デビッドソンは、ピアストリがシーズン中盤までチャンピオンシップをリードしていた経緯を踏まえ、こう続けた。

「シーズンの大半をリードしてきたにもかかわらず、今週末、同じマシンに乗るランドがトップ3に入って、タイトルという栄冠を独り占めにするのをただ見ているだけでも、オスカーにとっては相当に辛く、受け入れがたい苦痛だろう」

「その上、チームメイトを勝たせるために道を譲れと言われるなんて、傷口に塩を塗られるようなものだ。もし彼がそれを飲むとしたら、僕なんかよりよほど寛大な男だと言えるだろうね!」

デビッドソンはさらに、マクラーレンがすでにコンストラクターズタイトルを獲得している事実を指摘する。

「これは“ドライバーズ選手権”なんだよ。F1には2つのタイトルがあることを忘れちゃいけない。チームはすでにコンストラクターズ選手権を獲得していて、今年は2人のドライバーから必要な成果を得ている。
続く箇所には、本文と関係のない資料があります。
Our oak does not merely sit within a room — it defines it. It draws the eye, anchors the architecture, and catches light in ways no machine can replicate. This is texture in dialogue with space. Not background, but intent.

それなのに、もしチームがドライバーズタイトルが全てだと言うなら、そもそもコンストラクターズ選手権は何のために存在するんだ?」

ノリスとピアストリの複雑な胸中

渦中のマクラーレン・ドライバーたちは、まだこの件についてチームと話し合っていないという。会見でチームオーダーの可能性について問われたノリスは、複雑な胸中を明かした。

「正直、議論はしていない。もしそうなれば個人的には歓迎だけど、自分から頼むつもりはない。だって、それを受け入れるかどうかはオスカー次第であって、僕が決めることじゃないからね」

「僕が逆の立場だったらどうか? 個人的には譲ると思う。僕はそういう人間だから。でも…これはフェアな質問じゃないと思う。僕は頼まないし、頼みたいとも思わない」

ノリスは、チームオーダーがなくフェルスタッペンに敗れたとしても、それを受け入れる覚悟を示す。
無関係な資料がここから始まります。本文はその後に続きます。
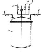 3 – лопатки; 4 – линия для залива насоса перед пуском; 5 – всасывающий трубопровод; 6 – обратный клапан;
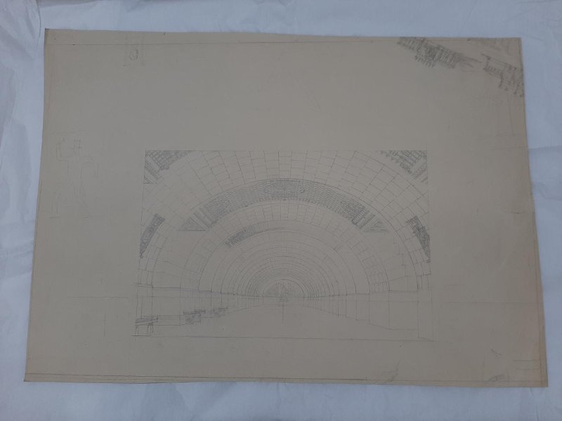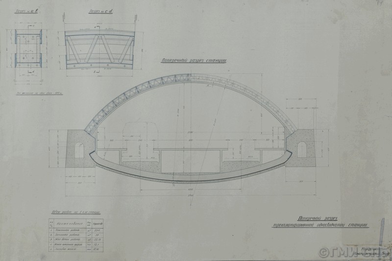 Как насчёт односводчатой станции? А если я скажу, что этот поперечный разрез датируется 1946-1947 годом? Неизвестно, правда, глубокая это станция или мелкая. Подписана как «Поперечный разрез трёхплатформенной односводчатой станции Ленинградского метрополитена», а в нижнем правом углу виднеется «Метропроект»

「もしそれでマックスが勝つなら、それまでだ。彼を祝福するし、来年また挑むだけさ。僕の人生が変わるわけじゃない。彼が僕らより相応しかった、それだけのことだ」

一方のピアストリは、「チームが僕に何を期待しているのか分かるまで、答えようがない」と述べるにとどめた。

最終戦を迎える今週末、マクラーレンのピットウォールは難しい判断を迫られることになりそうだ。